Вот приблизительно таким я щеголяю на арене жизни. Если же теперь обратиться к моей духовной особе в ее интимных проявлениях, то тут получится нечто пестрое. Удивительно еще, что при этом не получилось уродливой какофонии. Напротив, духовная моя пестрота сочетается в нечто даже гармоничное и приятное, – так, по крайней мере, говорят близкие люди, друзья и широкий круг знакомых. В одном я могу поручиться, – я не злой человек и даже от природы я очень благожелательный человек. Во мне сильнее многих других чувств говорит известный альтруизм, выражающийся главным образом в желании доставить моему ближнему радость. На этом построена вся моя художественная деятельность и все то, что в ней есть неизбежно жертвенного. Но в то же время я никак не могу себя назвать в полном смысле добрым человеком и уж, во всяком случае, добродетельным. Последовать зову Христа или Франциска Ассизского «продать все и раздать бедным» я не в состоянии. Я не в состоянии себя настолько обездолить и тем менее расстаться с тем, что необходимо для моего духовного равновесия. Моментами я очень жалею, что я не богач и никогда им не был.
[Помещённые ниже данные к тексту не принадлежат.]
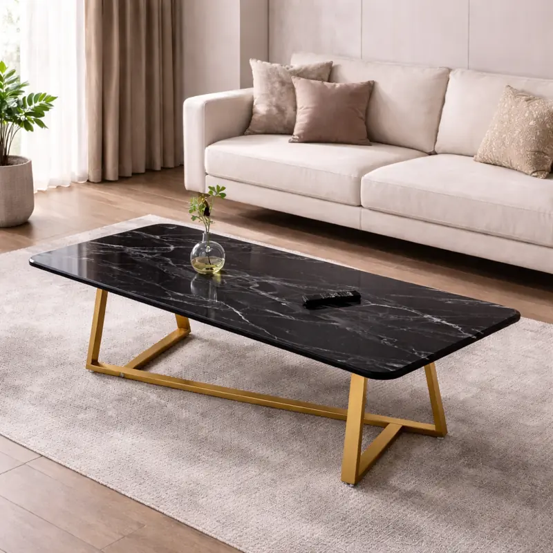 The combination of deep black marble and elegant gold legs gives this coffee table a high-end, designer look. Its minimalist rectangular shape blends beautifully with modern, contemporary, and luxury interiors.
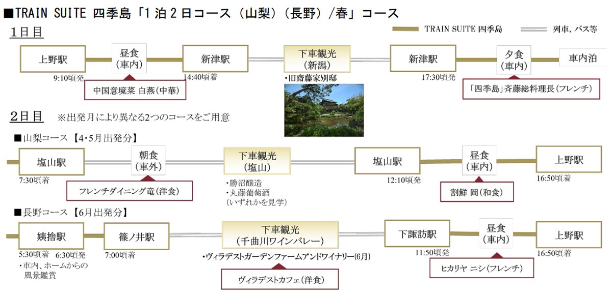 2024年度 1泊2日コース 山梨春 4〜6月出発 のご紹介旅の行程のご紹介TRAIN SUITE 四季島JR東日本。

Мне кажется, что тогда я бы находил особую радость в том, чтобы творить всякие благодеяния направо и налево, – однако спрашивается, хватило ли бы у меня выдержки для таких операций, хватило ли бы толковости? Скорее всего с богатством я просто не сумел бы справиться. А в конце концов, мне нравится, что я не обладаю какой-либо обеспеченностью, благодаря чему я как-то и безответственен, мне это состояние гарантирует ту свободу, которую я почитаю за необходимую мне роскошь.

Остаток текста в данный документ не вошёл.